Datathon — Multi-Modal Property Search

RobinReal Challenge

📅 2026 🏢 Datathon Challenge Track 🛠️ My focus: Retrieval pipeline 📂 GitHub Repository

Overview

Built a conversational, multi-modal real-estate search system for the RobinReal datathon. Users ask in any of four languages — e.g. "3-room bright apartment in Zurich under 2800 CHF" — and the system returns ranked listings by combining structured filters, multi-turn user profiling, and a hybrid retrieval stack that fuses dense, sparse, cross-modal image, and lexical signals.

🎯 Goal: Move beyond keyword-and-checkbox real-estate search. Let users describe what they actually want in any of EN / DE / FR / IT, fold soft preferences in from conversation context, and treat listing photos as a first-class retrieval signal — not a post-hoc filter.

Pipeline (high level)

Five stages, with my contribution focused on Stages 2–4 (the retrieval stack):

Hard Filter — LLM-extracted structured slots → SQLite, deterministic candidate set.
Query Encoding — BGE-M3 (dense + sparse), SigLIP-2 text tower (cross-modal), and 4-language BM25 over pre-translated indices.
Multi-Signal Scoring + RRF — three neural rankers (BGE Dense, BGE Sparse, SigLIP Image) fused via Reciprocal Rank Fusion (k = 60).
BM25 Diversity Injection — top-20% BM25 hits not in top-100 fused → replace tail; fills embedding blind spots.
Multi-turn User Profiling — running profile of soft preferences; augments the query across turns.

Stage 1 — Hard Filter

Slot extraction: An LLM parses the query into structured slots (city, postal code, price range, room count, offer type, geo radius, must-have features).
SQL-backed filter: Slots are translated to SQLite queries with auto-generated indices over the imported listing CSVs, producing a deterministic candidate set before any neural retrieval runs.
Geo handling: Listings without street addresses fall back to reverse geocoding via Nominatim, with precomputed lat/lon features so radius filters stay cheap at query time.

Retrieval (Stages 2–4) — Deep Dive

This is the part of the system I owned.

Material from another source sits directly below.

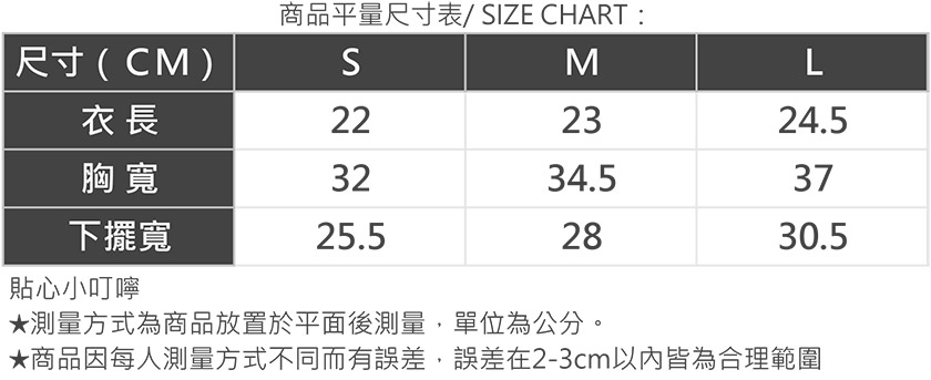 不確定自己的尺寸嗎?別擔心,我們幫你搞定。你可以參考下方商品評量尺寸表或是身材測量方式找到最適合你的尺碼,如果還有疑問也歡迎隨時聯繫我們的客服團隊。

The retrieval stack is built around three observations: (1) a single embedding model has blind spots, (2) listing photos carry signal that text descriptions miss, and (3) the corpus is multilingual (German, French, Italian, English) — translating queries on the fly was too lossy. The design is a hybrid stack with four parallel scorers fused by rank, plus a lexical safety net at the end.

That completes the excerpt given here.